It also makes me happy that someone else is working on a converter
from infix to postfix. I just (almost) finished implementing
Dijkstra’s Shunting Yard algorithm
(Shunting yard algorithm - Wikipedia) in Ruby, as
part of a bigger project. If you want to look at it, it’s at
http://paste-bin.com/11526, but it’s 227 lines of poorly commented
meaty algorithm. It currently works on mathematical equations with
variables. It doesn’t do any evaluation, though–just parses to an
array.
Your implementation is very similar to mine (though I’m parsing boolean
search queries, ala Google) – mine is a bit simpler:
InputPriority = Hash.new(1000)
InputPriority[:and] = 800
InputPriority[:or] = 500
InputPriority[:not] = 900
InputPriority[nil] = 0
InputPriority[:open] = 1000
InputPriority[:close] = 1
StackPriority = InputPriority.dup
StackPriority[:open] = 1
StackPriority[:close] = 1000
def rpnise(itokens)
stack = []
instructions = []
itokens.each do |itoken|
if InputPriority[itoken] > StackPriority[stack.last]
stack.push(itoken)
elsif InputPriority[itoken] <= StackPriority[stack.last]

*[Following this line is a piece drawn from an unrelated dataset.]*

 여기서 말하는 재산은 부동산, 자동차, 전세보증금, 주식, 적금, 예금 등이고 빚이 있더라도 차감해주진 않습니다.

while StackPriority[stack.last] >= InputPriority[itoken]
instructions << stack.pop
end
stack.push(itoken)
end
end
instructions.concat(stack.reverse)
end
After this I sanitize the token stream and use it to build a tree of
BooleanAnd/Or/Not/SubStringQuery objects to represent the search (which
then rewrite themselves in a vague attempt at optimization and sorting).
Demo:
Token stream
irb(main):009:0> toks = analyser.simplify(tokenizer.tokenize(“foo AND
bar OR (wibble OR wobble NOT foo)”))
[#<NSearch::SubStringQuery:0x18a4a20 @substr=“foo”>,
:and,
#<NSearch::SubStringQuery:0x18a49f8 @substr=“bar”>,
:or,
:open,
#<NSearch::SubStringQuery:0x18a49a8 @substr=“wibble”>,
:or,
#<NSearch::SubStringQuery:0x18a4958 @substr=“wobble”>,
:and,
:not,
#<NSearch::SubStringQuery:0x18a4908 @substr=“foo”>,
:close]
irb(main):010:0> analyser.rpnise(toks)
[#<NSearch::SubStringQuery:0x188a670 @substr=“foo”>,
#<NSearch::SubStringQuery:0x188a648 @substr=“bar”>,
:and,
#<NSearch::SubStringQuery:0x188a5f8 @substr=“wibble”>,
#<NSearch::SubStringQuery:0x188a5a8 @substr=“wobble”>,
#<NSearch::SubStringQuery:0x188a558 @substr=“foo”>,
:not,
:and,
:or,
:or]
You can then follow the instructions, popping each SubStringQuery onto a
stack and popping them off on :and, :or and :not to build a tree of
query objects:
#to_s
OR(OR(AND(NOT(“foo”),“wobble”),“wibble”),AND(“bar”,“foo”))
#to_sql
(((NOT (Title LIKE “%foo%”) AND Title LIKE “%wobble%”) OR Title LIKE
“%wibble%”) OR (Title LIKE “%bar%” AND Title LIKE “%foo%”))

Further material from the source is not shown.